A) There is a mismatch in the behavior of Exists between Windows and Unix when the target of a dir symlink does not exist.

Yes, I'd like an API that tells me if a path exists - this could just be a new API like File.Exists(string path, bool includeDirectories) (and for FileInfo too, perhaps it could also have a variant like File.Exists(string path, bool includeDirectories, out bool wasFile and/or some indication it was a link). It might be better for this possible new API to have a struct defining what to include, ie. yes/no for normal files, yes/no for normal directories, yes/no for reparse points (I'm counting reparse points as not being normal files or folders in terms of the inclusion here) and use that as the argument instead of includeDirectories, and then instead of wasFile, it could return whether it was a each of a file, directory and a reparse point with another flags enum.
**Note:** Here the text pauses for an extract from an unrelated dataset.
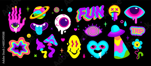 Vector Psychedelic Art, acid colors and surreal stickers 2. Cartoon psyhedelic mushroom, UFO beam , liquid eye, acid. Abstract surrealism bright sticker. Holutination trip set for badge and patch dsgn

It may be useful to add this variant to some sort of enumerate function as well.

B) To delete a file or directory, you have to check if they exist, then delete them if they do.

I thought I had to do this, but thanks to your code examples, it seems like I can just use the correct one on Windows and always use FileInfo for symlinks on Unix as long as I don't need to check Exists (this will result in a nice performance boost for symlinks since I don't have to check it constantly 😁).

C) To check if a symlink exists, we should just need to use File.Exists or FileInfo.Exists, independently of the target.

Yes, the directory ones should also always return whether the link exists or not too IMO since the symlinks can be returned as a DirectoryInfo, or be listed in EnumerateDirectories (I think). ie. what I'm suggesting is possibly that File.Exists, FileInfo.Exists, Directory.Exists and DirectoryInfo.Exists could just return true if it's a symlink that exists on Unix - but this could be avoided with the API suggestion above (assuming the API is also on DirectoryInfo).

hamarb123 commented 2 years ago

In my project, I'm now using FileInfo for all my symlinks and it works well. The only issue is obviously the Exists check, luckily in most of my code existence is assumed and exceptions are all handled, so there were only a few cases where I had to update that logic. I do still think that Exists should be changed/added to though.